____ DATASET EXCERPT

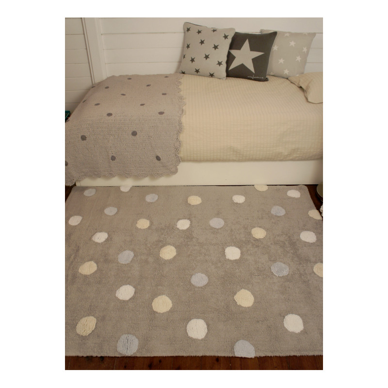 Praktický šedý kusový koberec s bielymi bodkami, ktorý vyniká vysokou kvalitou, ľahkou prenosnosťou a extra ľahkou údržbou. Jeho ručná výroba prebieha priamo v Indii, kde na neho profesionálnej tkáči používajú výhradne prírodné materiály a farbivá. Jedná sa o bavlnený koberec, ktorý je možné prať priamo v práčke, čo je u koberca určeného aj pre zvieratá...
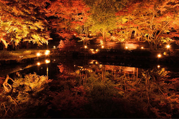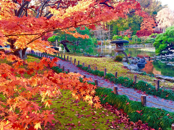 「夕陽に照らされてキラキラ光るもみじの葉っぱ。いつもしっとり落ち着いた雰囲気の庭園もこの時季は色とりどりに華やいでいます」
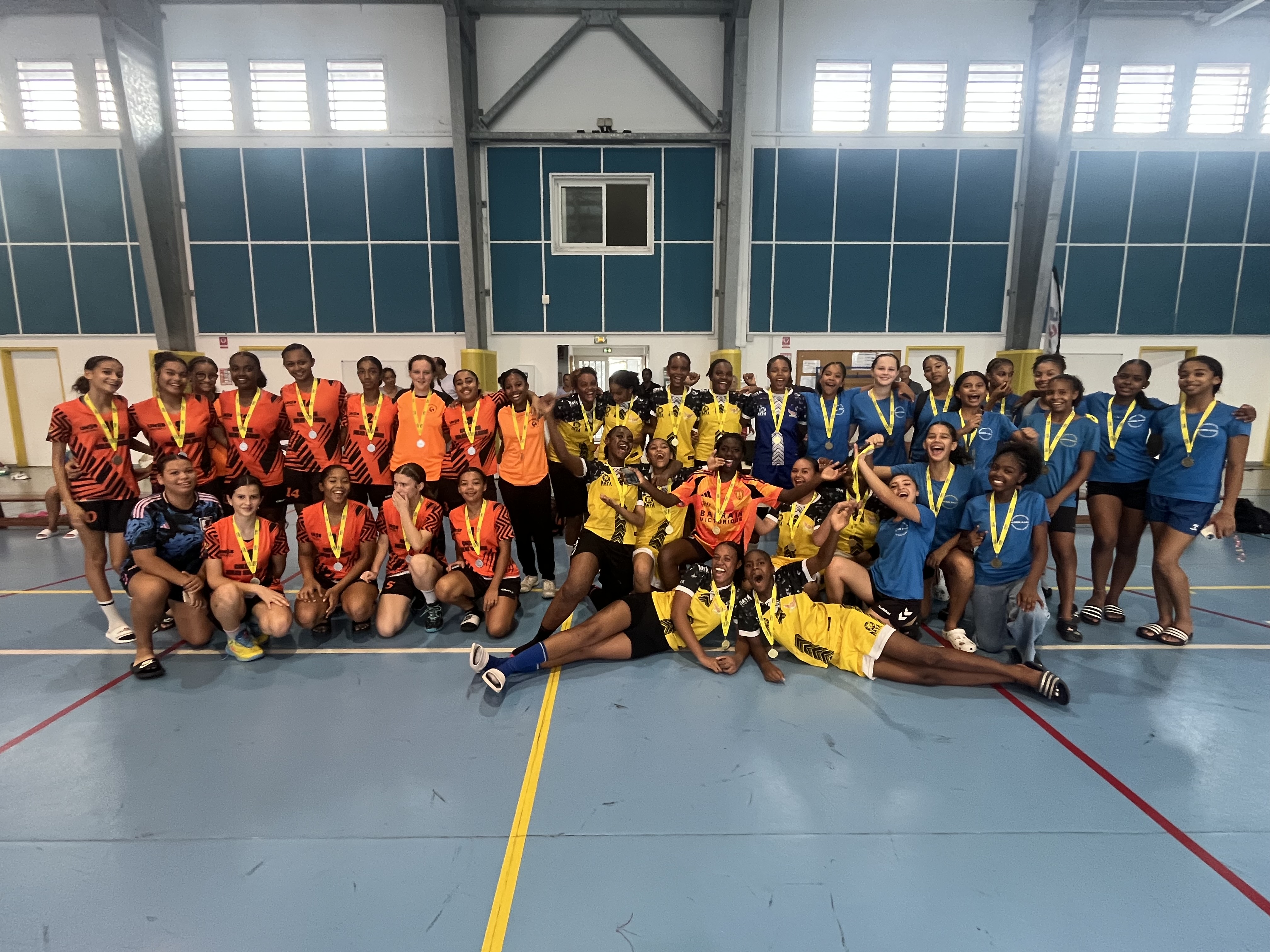 L'équipe MF de la Section Sportive Handball composée de 13 filles: 11 joueuses, 1 jeune coach et 1 jeune arbitre issue du collège de Bourbon (REP +) situé à Saint-Denis 97400 (La Réunion), accompagné par 2 enseignants d'EPS et de leur coach en club.
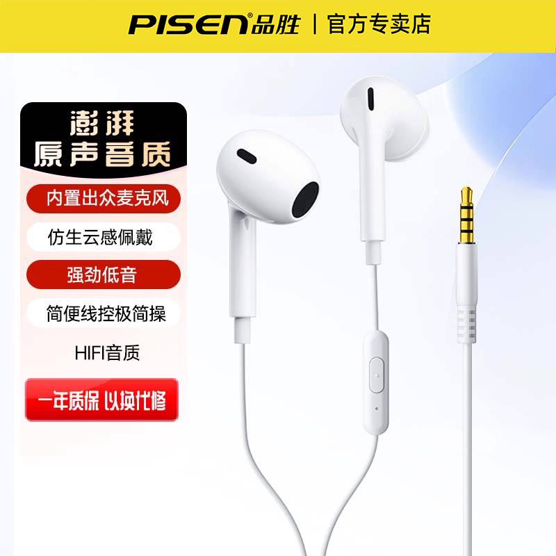 品胜有线耳机3.5mm圆孔半入耳式Hifi高音质线控电脑台式笔记本用

________

§ **WORK REQUEST**
Without the pictures, copy the material exactly as given.

§ **COMPLETED TASK**
 Praktický šedý kusový koberec s bielymi bodkami, ktorý vyniká vysokou kvalitou, ľahkou prenosnosťou a extra ľahkou údržbou. Jeho ručná výroba prebieha priamo v Indii, kde na neho profesionálnej tkáči používajú výhradne prírodné materiály a farbivá. Jedná sa o bavlnený koberec, ktorý je možné prať priamo v práčke, čo je u koberca určeného aj pre zvieratá...
 「夕陽に照らされてキラキラ光るもみじの葉っぱ。いつもしっとり落ち着いた雰囲気の庭園もこの時季は色とりどりに華やいでいます」
 L'équipe MF de la Section Sportive Handball composée de 13 filles: 11 joueuses, 1 jeune coach et 1 jeune arbitre issue du collège de Bourbon (REP +) situé à Saint-Denis 97400 (La Réunion), accompagné par 2 enseignants d'EPS et de leur coach en club.
 品胜有线耳机3.5mm圆孔半入耳式Hifi高音质线控电脑台式笔记本用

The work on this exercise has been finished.